Re: [PATCH] memcg: Ignore unprotected parent in mem_cgroup_protected()

From: Chris Down
Date: Sat Jun 15 2019 - 12:13:14 EST


Hi Xunlei,

Xunlei Pang writes:
Currently memory.min|low implementation requires the whole
hierarchy has the settings, otherwise the protection will
be broken.

Our hierarchy is kind of like(memory.min value in brackets),

root
|
docker(0)
/ \
c1(max) c2(0)

Note that "docker" doesn't set memory.min. When kswapd runs,
mem_cgroup_protected() returns "0" emin for "c1" due to "0"
@parent_emin of "docker", as a result "c1" gets reclaimed.

But it's hard to maintain parent's "memory.min" when there're
uncertain protected children because only some important types
of containers need the protection. Further, control tasks
belonging to parent constantly reproduce trivial memory which
should not be protected at all. It makes sense to ignore
unprotected parent in this scenario to achieve the flexibility.

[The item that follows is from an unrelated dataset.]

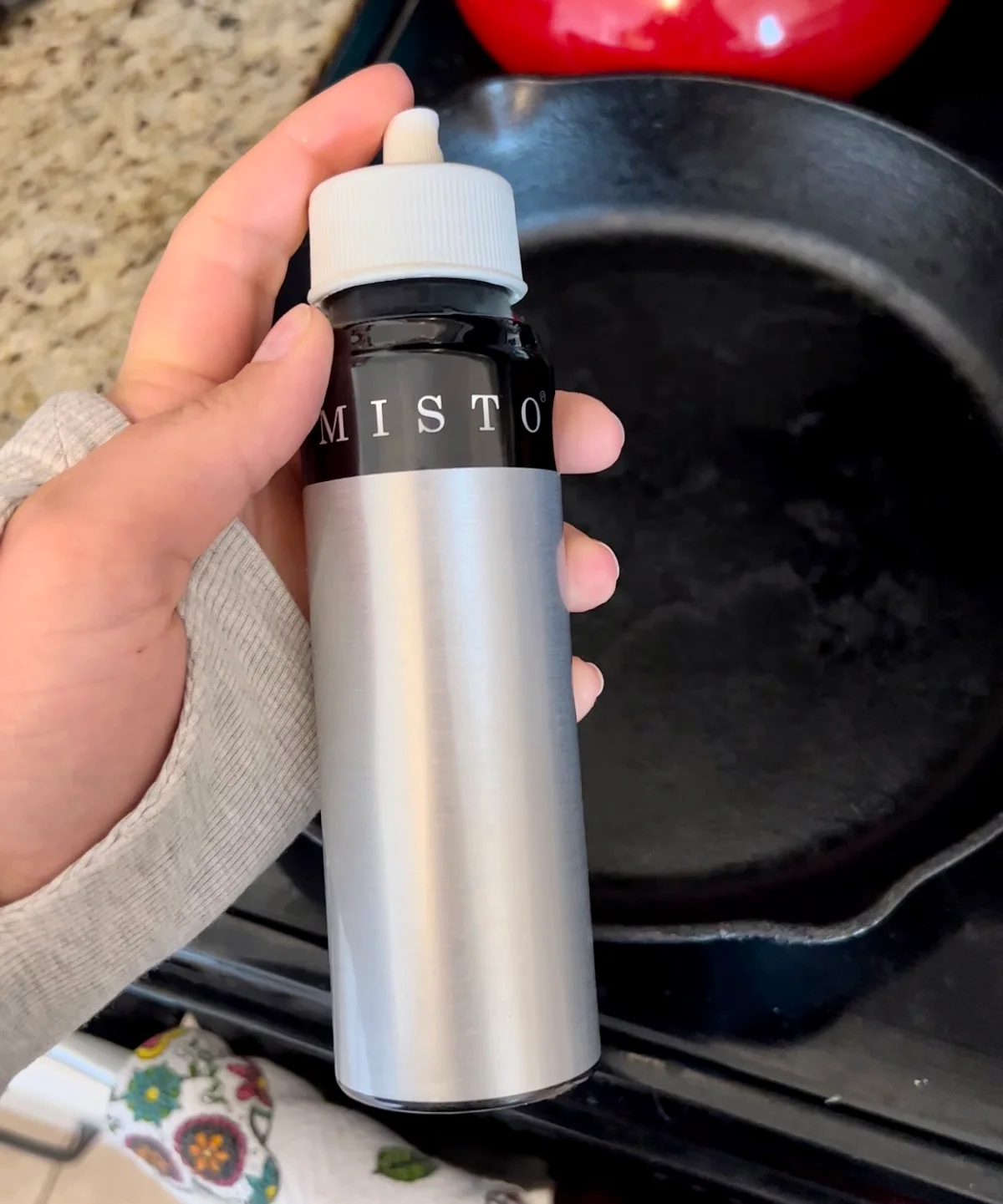 Whether you're a devoted environmentalist trying to avoid single-use aerosol cans or a foodie trying out different oils to cook with, this amazing little spray can is the perfect addition to your kitchen arsenal. I love to put olive oil in mine so that I don't have too heavy a hand with it on the stove top, but I've also used it with almond oil for baking!

I'm really confused by this, why don't you just set memory.{min,low} in the docker cgroup and only propagate it to the children that want it?

If you only want some children to have the protection, only request it in those children, or create an additional intermediate layer of the cgroup hierarchy with protections further limited if you don't trust the task to request the right amount.

Breaking the requirement for hierarchical propagation of protections seems like a really questionable API change, not least because it makes it harder to set systemwide policies about the constraints of protections within a subtree.